– Сладкий мой малыш. – Он еще приблизился. – Ты и близко не знаешь, каким гадким я могу быть.
– Мне вроде положено любить боль, – сказала женщина, кружа вокруг Вакса. Их «танец» продолжался: Вакс старался держаться достаточно далеко, чтобы не пропустить удара, но не настолько, чтобы позволить ей отскочить и поднять скоростной пузырь. – Этого я о нем не знала. Только недавно поняла. В тоннеле. Он любит боль. Значит, и я должна. Упиваться страхом.
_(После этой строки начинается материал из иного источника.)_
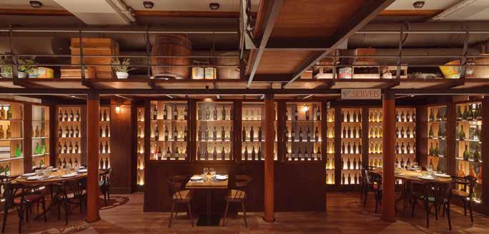 5- El estudio catalán Carlos Martínez Interiors ha diseñado unas luminarias abrazando a los pilares de forja centrales haciendo un guiño a las jaulas de los búhos. Se han escogido tonos de madera zebrano, con sus vetas marcadas que recuerdan al plumaje que poseen estas aves rapaces; mármoles exóticos que recuerdan, junto a la vegetación un espacio selvático: natural y salvaje.

Наслаждаться муками.
Вакс промолчал, выдерживая нужную дистанцию.
– Знаешь почему? – Женщина сделала ложный выпад, и Вакс отскочил. – Я тоже поначалу не знала. А как узнала, то ошалела! С виду и не скажешь. Но чем больше я задумывалась, тем логичнее это казалось. Он наверняка любит боль. Иначе давно бы свел счеты с жизнью. Другие варианты кажутся совсем невероятными.
Она бросилась на Вакса, вынудив отпрыгнуть чуть дальше необходимого. Женщина тут же метнулась в противоположном направлении, перекатилась по полу и превратилась в пятно. Вакс выругался и продолжил отступать, заметив краем глаза кое-что, способное помочь в отступлении. Секунду спустя он встретился спиной с Уэйном.
– Ну как оно? – спросил Уэйн.
– Могло быть лучше, – ответил Вакс.
– Согласен, – буркнул Уэйн и поднял вокруг них свой пузырь. – Хочешь попробовать что-нибудь новенькое? Устроить встряску? – Он покрутил пальцами дуэльную трость.
– Не откажусь.
Уэйн подкинул трость, а Вакс бросил ему Виндикацию, заряженную алюминиевыми пулями.
– Туманными не стреляй, – посоветовал Вакс, ловя трость. – Их переключает крючок наверху.
Пузырь исчез, и Вакс схлестнулся с Гетрудой на тростях. Дерево затрещало почти так же громко, как Виндикация, когда Уэйн выпустил несколько пуль в Думада.
Вакс улыбнулся, услышав этот звук. В каком-то смысле глупо было радоваться, что твой друг стреляет из пистолета. Но тут важно было не само действие. А то, что душевные раны Уэйна наконец затянулись.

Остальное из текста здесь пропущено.